Phthiracarus rectisetosus, Parry, B. W., 1979

Parry, B. W., 1979, A revision of the British species of the genus Phthiracarus Perty 1841 (Cryptostigmata: Euptyctima), Bull. British Mus. nat. Hist., Zool. ser. 35, pp. 323-363: 348

publication ID

ORI10637

persistent identifier

http://treatment.plazi.org/id/27C983D3-26B2-BA80-7C70-09CF172428DA

treatment provided by

Thomas

scientific name

Phthiracarus rectisetosus
status

sp. nov.

Phthiracarus rectisetosus  sp. nov.

(Fig. 12D-F; Pl. 5c)

Adult (Pl. 5c): Large and strongly sclerotized. The aspis (Fig. 12D) ranges in length from 350 - 477 µm with a greatest width of 268 - 360 µm. All the dorsal setae are fine and short. Setae (il) which are inserted rather far forward and on a level with setae (la) are about 1-5 times the length of the latter and extend two-thirds of the distance il-ro. Setae (ro) do not reach the anterior limit of the aspis. The sensillus (Fig. 12E) is 40 µm long, ovate, serrated distally and resembles that found in P. murphyi  . The notogaster (Fig. 12F) ranges in length from 710 - 994 µm with a greatest depth of 482 - 720 µm. All the setae are relatively long (equal to the distance c1 - d1) and almost erect. Setae c1 and c3 are situated on the posterior margin of the collar and seta c2 submarginally. Vestigial fis located a short distance posterior to seta h1. The fissures ip and ips are present. On each anal plate there are five long setae; an1-2 and ad1 being more or less equal in length and somewhat shorter than ad1_2 The chelicerae are 168-294 µm long. The principal segment carries 22 - 24 sharply pointed spines on the paraxial surface and 17 - 22 conical spines antiaxially. The leg chaetotaxy is of the 'complete type' with the setal formulae: I (1-4-2-5-16-1); II (1-3-2-3-12-1); III (2-2-1-2-10-1) and IV (2-1-1-2-10-1). On tarsus I the distal seta coupled with solenidion omega2 is almost as long as the famulus. Seta ft" on tarsus II is hooked distally.

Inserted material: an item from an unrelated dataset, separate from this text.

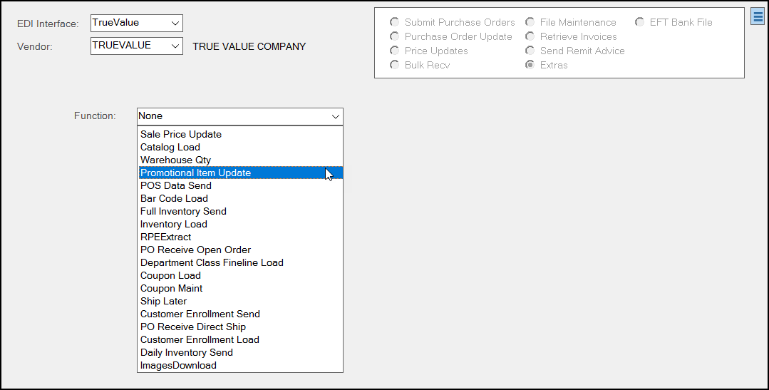 2. From the EDI Interface list, choose the True Value interface, and from the Vendor list, choose the vendor ID.

Types: HOLOTYPE, BMNH reg. no. 1976.2.18.8, and one paratype, 1976.2.18.9, from beech litter, Burnham Beeches, Buckinghamshire, 1964 (G. O. Evans). Two paratypes, 1976.2.18.10-11, from beech F, Wytham Woods Estate, Berkshire, 28.ix.70 (T. G. Wood).

Distribution: Common in mor soils particularly under beech. P. rectisetosus  is evidently widely distributed in the British Isles and was abundant in all the samples examined from Monks Wood, Cambridgeshire, 16.V.75 (J. A. Moffat); Woodbastwick Marshes, Norfolk, 10.vii.74 (S. J. Moore); West Allendale, Northumberland, 18.ix.75 (R. M. Emberson); Long Compton Woods, Warwickshire, 15.viii.51 (P. N. Lawrence); Hag Wood, Yorkshire, 12.iv.71 (D. R. Kime); Newtonmore, Inverness-shire, 3.vii.73 (M. J. Bishop); Lochdonhead and Tobermory, Mull, 28.V.70 (P. N. Lawrence); Torboll, Sutherland, 29.vi.76 (P. D. Hillyard); Llanthony, Monmouth- shire, i.iv.73 (M. J. Bishop).

Remarks: P. rectisetosus  bears some resemblance to two other 'complete chaetotaxy' species, namely P. clavatus  and P. globus  . However, P. rectisetosus  bears four pairs of lateral fissures while P. clavatus  and P. globus  bear only two pairs.